5. Should I take one for the team and buy tesco value ? Or Tesco Finest ?

And no I haven't anything in the freezer apart from a turkey which my sister bought in January as and i quote "too good a deal to Miss" and "i haven't got room in my freezer" .

oh 6 . Does anyone want to swap a frozen turkey for coffee beans ? (Must be able to deliver)


----------



## The Systemic Kid (Nov 23, 2012)

1. Yes - C.A. - Caffeine Anonymous (well, it isn't now).

2. They don't - but you'll soon find that out for yourself.

3. Do you really want an answer on that?

4. Definitely - consider it punishment for sloppy bean stocks' management.
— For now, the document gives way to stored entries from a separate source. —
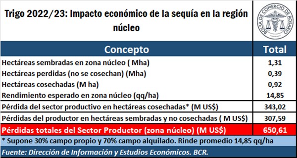 Estos US$ 650 M se componen de, por un lado, el valor de la pérdida adjudicada a las hectáreas perdidas (no cosechadas) debido a los efectos adversos del clima que se estiman en US$ 307 millones; mientras que el efecto de una baja en el rinde efectivo y la consecuente caída del margen bruto registrado en las 920.000 hectáreas restantes suman otros US$ 343 millones.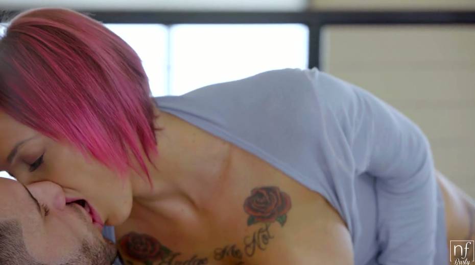 Tattooed pink haired babe Anna Bell Peaks gives erotic massage before steamy sex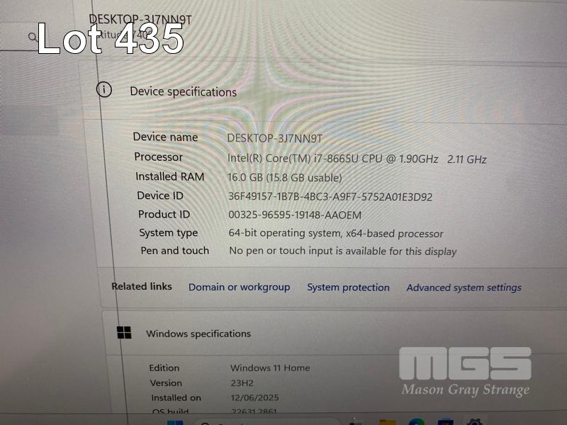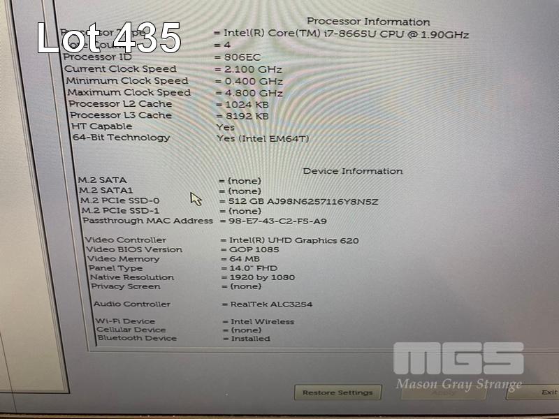LAPTOP, DELL LATITUDE 7400, CORE i7 8665U (8TH GEN) @ 1.9GHz, 16GB DDR4 RAM, 512GB NVMe M.2 SSD, 14" WIDESCREEN (1920x1080), INTEL UHD GRAPHICS 620, Wi-Fi, BLUETOOTH, WINDOWS 11 HOME INSTALLED (NO POWER SUPPLY) (NOTE: LINE ON SCREEN, BATTERY NOT HOLDING CHARGE, RUBBER PADS PART MISSING ON BOTTOM OF LAPTOP) S/N:8PWW0Z2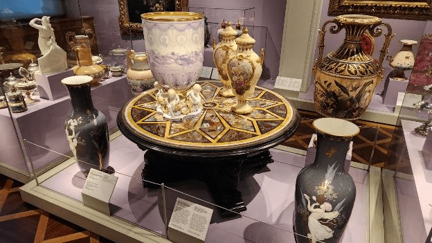 There were all kinds of vases and inlaid tables.
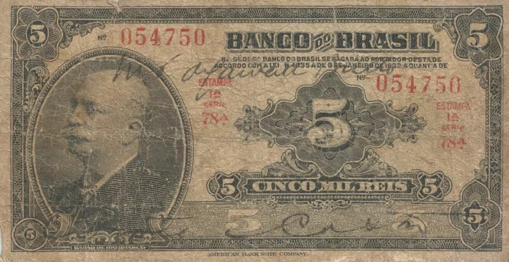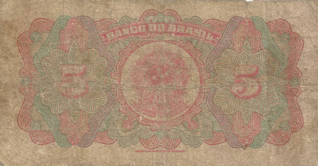 Ao centro, brasão da República dos Estados Unidos do Brasil, acompanhado em ambos os lados pelo algarismo arábico "5".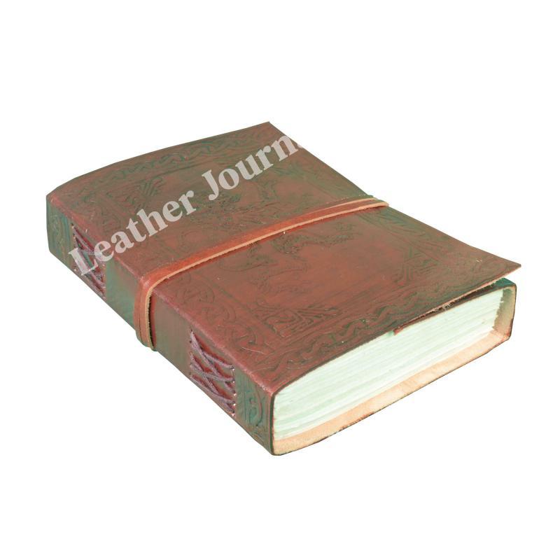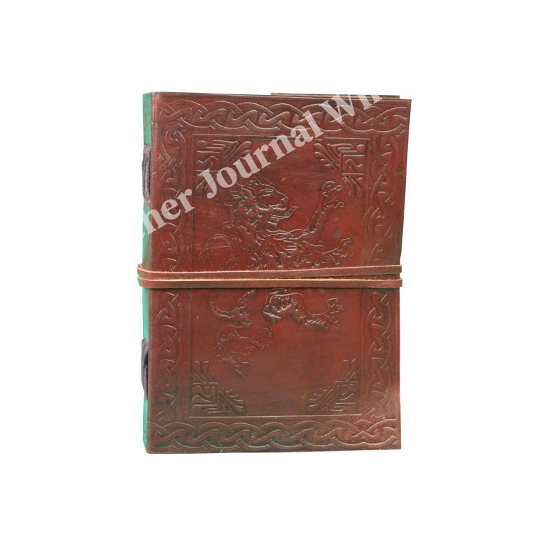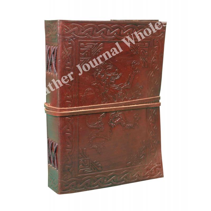 Celtic Lion Embossed Leather Journal Diary Handmade with leather strap closure

5. Is there any difference to 4 above?

6. Make sure you do the handover at a motorway service car park.


----------



## Thecatlinux (Mar 10, 2014)

The Systemic Kid said:


> 2. They don't - but you'll soon find that out for yourself.


don't say that ! I am beginning to realise that now!

How long is a turkey good for in the Freezer ?


----------



## The Systemic Kid (Nov 23, 2012)

Thecatlinux said:


> don't say that ! I am beginning to realise that now!
> 
> How long is a turkey good for in the Freezer ?


As a veggie I wouldn't have a clue


----------



## Mouse (Feb 28, 2014)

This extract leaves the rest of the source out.